*Provided data:*
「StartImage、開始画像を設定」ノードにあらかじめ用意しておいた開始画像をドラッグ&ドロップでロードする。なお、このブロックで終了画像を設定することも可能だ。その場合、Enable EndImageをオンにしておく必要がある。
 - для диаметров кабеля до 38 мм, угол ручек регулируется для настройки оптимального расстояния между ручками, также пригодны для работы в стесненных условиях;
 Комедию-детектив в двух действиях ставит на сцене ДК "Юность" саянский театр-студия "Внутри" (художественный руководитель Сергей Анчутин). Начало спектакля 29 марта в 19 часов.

* * *

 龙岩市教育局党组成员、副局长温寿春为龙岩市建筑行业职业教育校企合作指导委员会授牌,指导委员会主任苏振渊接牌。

*Work required:*
Look above for the line that contains "- для диаметров". Starting there, transcribe every line exactly until you have copied the line that contains "Комедию-детектив в двух".

*Problem solution:*
 - для диаметров кабеля до 38 мм, угол ручек регулируется для настройки оптимального расстояния между ручками, также пригодны для работы в стесненных условиях;
 Комедию-детектив в двух действиях ставит на сцене ДК "Юность" саянский театр-студия "Внутри" (художественный руководитель Сергей Анчутин). Начало спектакля 29 марта в 19 часов.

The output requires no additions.